Although the company had raised a hefty $75 million in at least six rounds of financing, from VCs like Accel Partners and Rose Ventures, Fortune reports that von Tobel, 31, is likely to take home tens of millions of dollars. She will also stay on as CEO of the company, which Northwestern Mutual said it will run separately.

Von Tobel got the idea for LearnVest as a senior at Harvard in 2006 but like many Ivy Leaguers graduating during the high-flying days before the housing bubble popped and the global economy collapsed, decided to try her hand as a trader at Morgan Stanley. She later enrolled at HBS but decided to drop out to start what she referred to in 2009 as a personal finance website for women.
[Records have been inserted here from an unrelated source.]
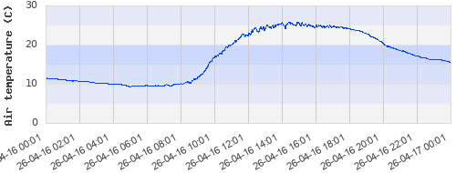 11.65 ºC | 10.29 ºC | 9.73 ºC | 11.81 ºC | 22.7 ºC | 25.69 ºC | 24.31 ºC | 18.58 ºC |
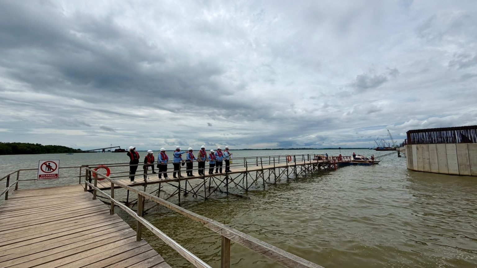 Keterangan Gambar : TAG saat berkunjung ke lokasi proyek pembangunan jembatan Tanah Bumbu-Kotabaru, Selasa (16/12/2025).
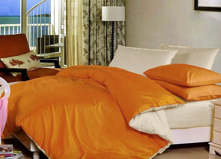 Двосторонній комплект постільної білизни Almira Mix Преміум Сатин Помаранчевий + Шампань Євро максі

LearnVest expanded to include men, and began to offer automated financial planning online, riding the wave of robo-advisers catering to millennials who are shrugging off traditional financial planners in favor of online financial help, at a fraction of the cost.

Wall Street, worried about the young entrepreneurs who could end up eating its lunch, has begun throwing money at fintech startups to learn about how they operate, what technology they are using, and whether or not they might one day replace the armies of financial advisers employed around the world. American Express, Citigroup, Goldman Sachs, and Fidelity Investments are among the financial giants investing in this area.

Buying LearnVest also gives 158-year-old insurance giant Northwestern Mutual access to 1.5 million customers, the bulk of which are much-coveted millennials that banks and other financial institutions are trying so hard to reach.